# [Information given]
◆ ◆ ◆ ◆

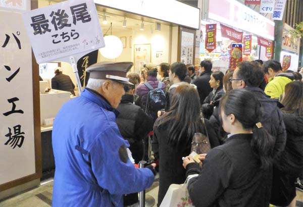 「乃が美」は高級食パンブームの火付け役だった(同社なんば店前に列をつくる大勢の客=2019年)/(C)共同通信社
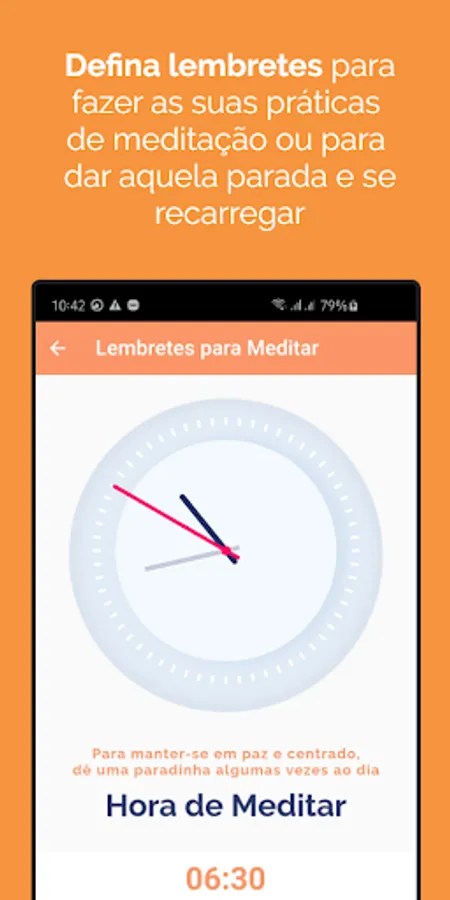 4) You can also create reminders to meditate, configuring according to your availability and MeditarBK will notify you at the chosen time.
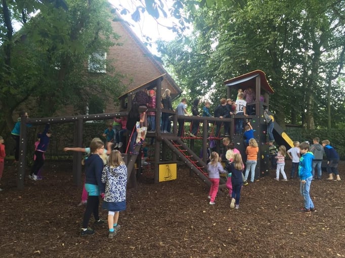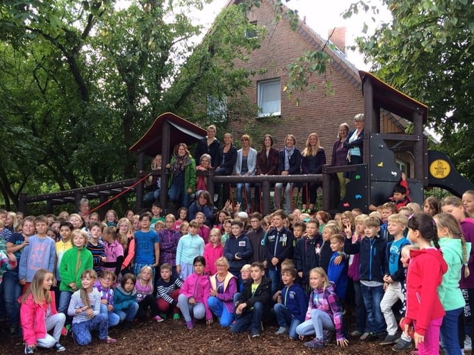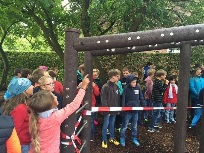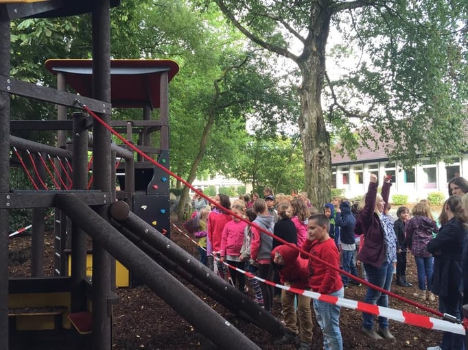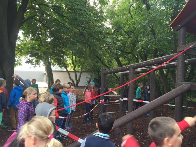In der ersten Hofpause am ersten Schultag wurden unsere neuen Spielgeräte feierlich eröffnet. Das Kollegium durfte nach dem Durchschneiden des Absperrbandes das Klettergerüst einweihen. Unter dem Jubel der Kinder wurde das Spielgerät in Beschlag genommen und zur Lehrerburg erklärt.
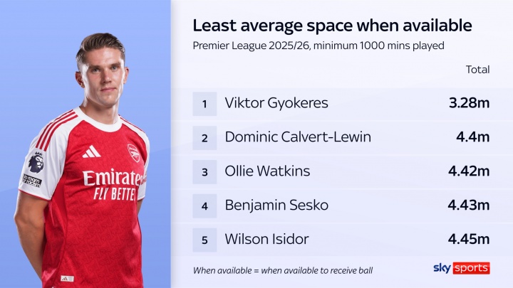 在英超球员持球时的平均“可行动空间”排行榜上,约克雷斯以3.28米的数据排名英超最低。
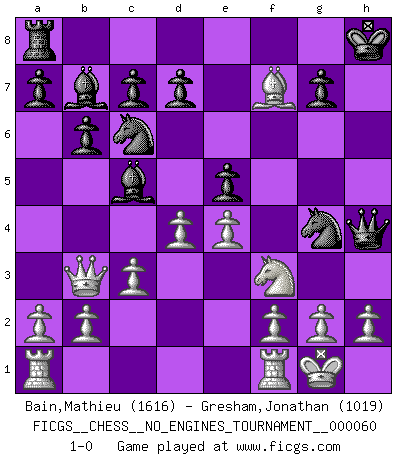 Last move : 1-0 2012 December 19 0:56:51 [Event "FICGS__CHESS__NO_ENGINES_TOURNAMENT__000060"] [Site "FICGS"] [Date "2012.12.11"] [Round "1"] [White "Bain,Mathieu"] [Black "Gresham,Jonathan"] [Result "1-0"] [WhiteElo "1616"] [BlackElo "1019"] 1.e4 e5 2.Nf3 Nc6 3.Bc4 Nf6 4.d3 Bc5 5.O-O O-O 6.c3 b6 7.Qb3 h6 8.Bg5 hxg5 9.Nxg5 Bb7 10.Nxf7 Rxf7 11.Bxf7+ Kh8 12.Nd2 Ng4 13.d4 Qh4 14.Nf3 1-0 Two knights defense (Modern Bishop's Opening) Kingside Castling by player White (move 5) Kingside Castling by player Black (move 5) Player White won this chess game. Follow this game move after move (download)Life is a kind of Chess, with struggle, competition, good and ill events. (Benjamin Franklin) Ein unbeabsichtigtes Patt ist der Gipfel der Dummheit. (Anonymous) Botvinnik trataba de restarle el misterio al Ajedrez, siempre relacionandolo a situaciones de la vida ordinaria. El gustaba de llamar al Ajedrez un típico problema inexacto similar a aquellos de los cuales la gente siempre tiene que enfrentarse en la vida cotidiana. (Garry Kasparov) Les sacrifices démontrent seulement que quelqu'un a gaffé. (Savielly Tartacover) They say poker is a zero-sum game. It must be, because every time I play my sum ends up zero. (Max Shapiro)
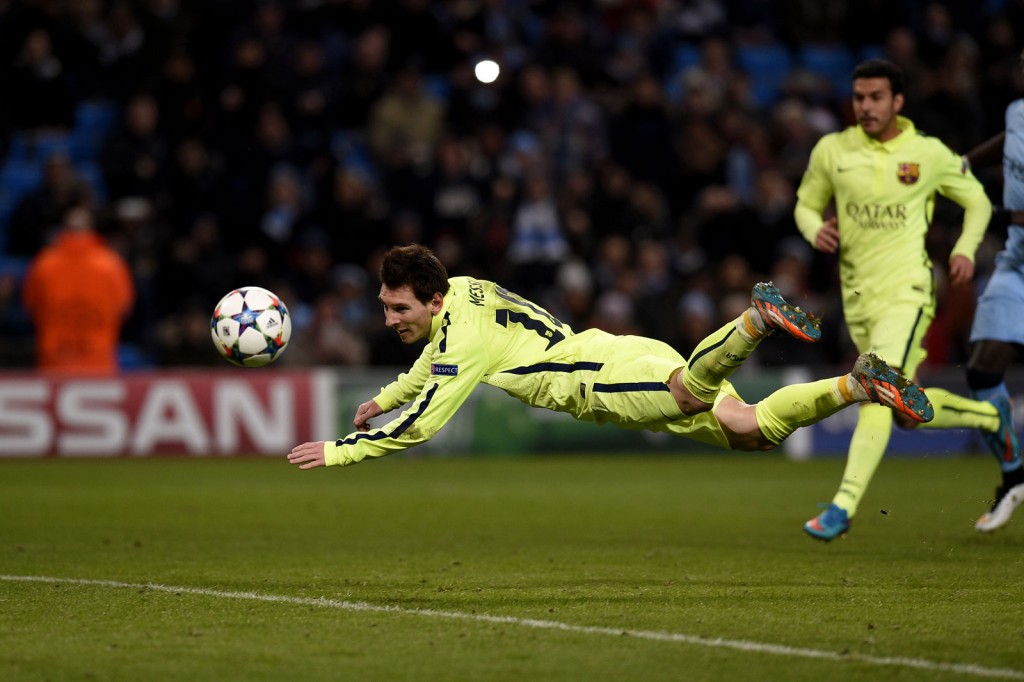 Messi úszik a levegőben, a kihagyott tizenegyese után fejel... mellé. De a Barca így is nyert Manchesterben.
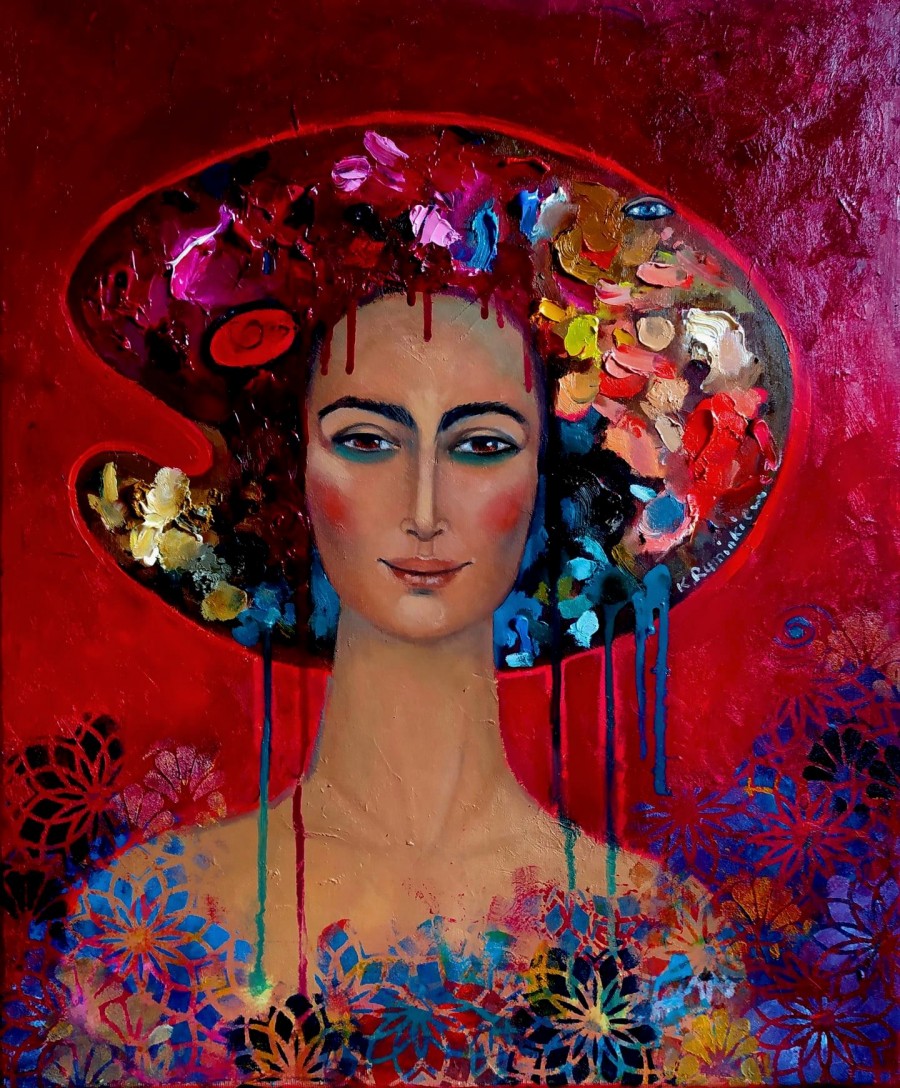 60×50, olej. Dialog z Mistrzami. Frida. Zdjęcie nie oddaje walorów pracy.
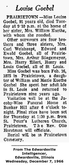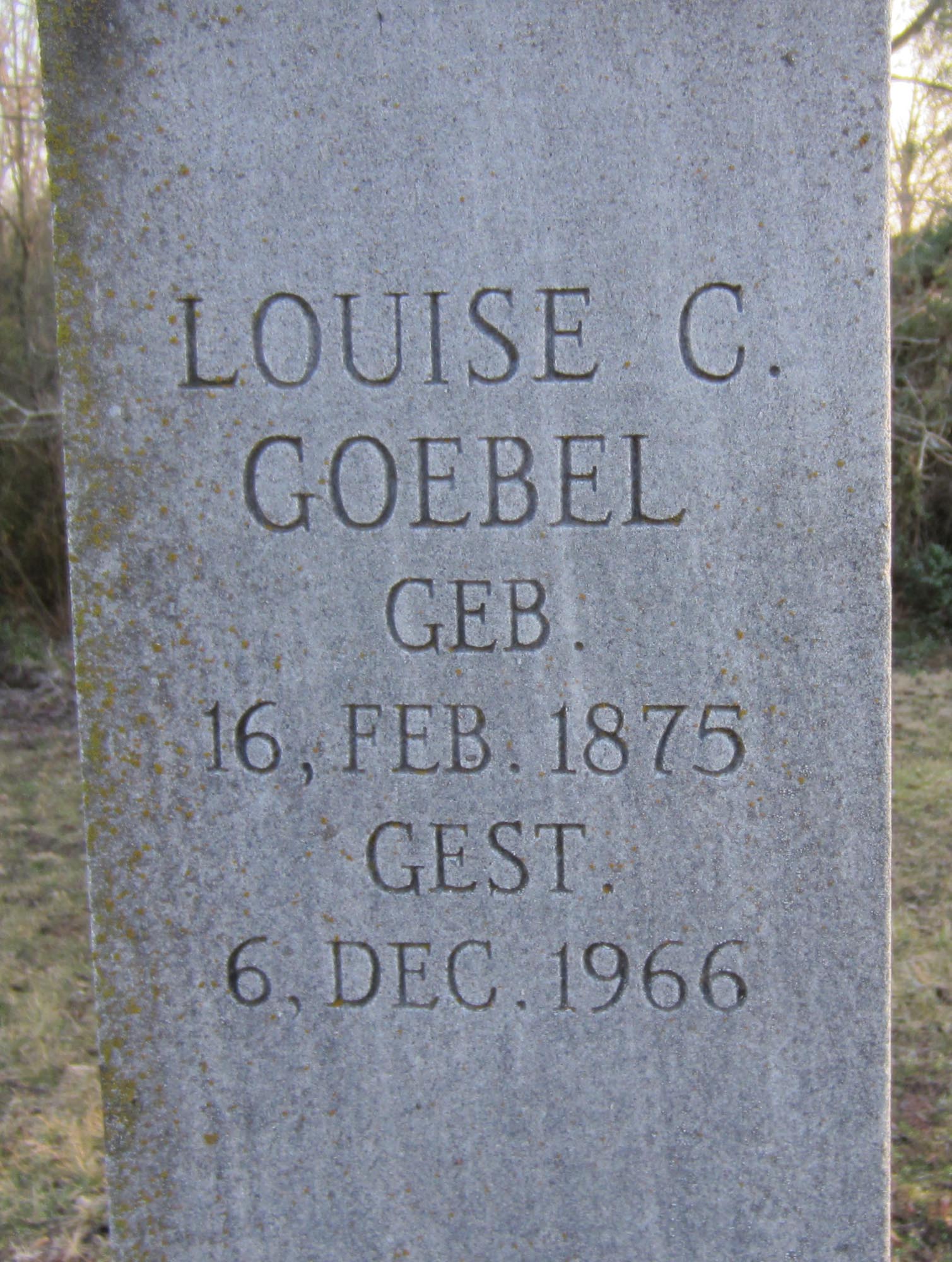 Louise C. Goebel was born on February 16, 1875 in Prairietown, Madison, Illinois, USA. She died on December 6, 1966, at age 91, in Prairietown, Madison, Illinois, USA. She was buried in Prairietown Cemetery, Prairietown, Illinois.

◆ ◆ ◆ ◆

# [Assigned task]
Every line from the one containing "Messi úszik a" through the last line of the records is to be reproduced exactly, with pictures left out and nothing else given.

# [Response for this exercise]
 Messi úszik a levegőben, a kihagyott tizenegyese után fejel... mellé. De a Barca így is nyert Manchesterben.
 60×50, olej. Dialog z Mistrzami. Frida. Zdjęcie nie oddaje walorów pracy.
 Louise C. Goebel was born on February 16, 1875 in Prairietown, Madison, Illinois, USA. She died on December 6, 1966, at age 91, in Prairietown, Madison, Illinois, USA. She was buried in Prairietown Cemetery, Prairietown, Illinois.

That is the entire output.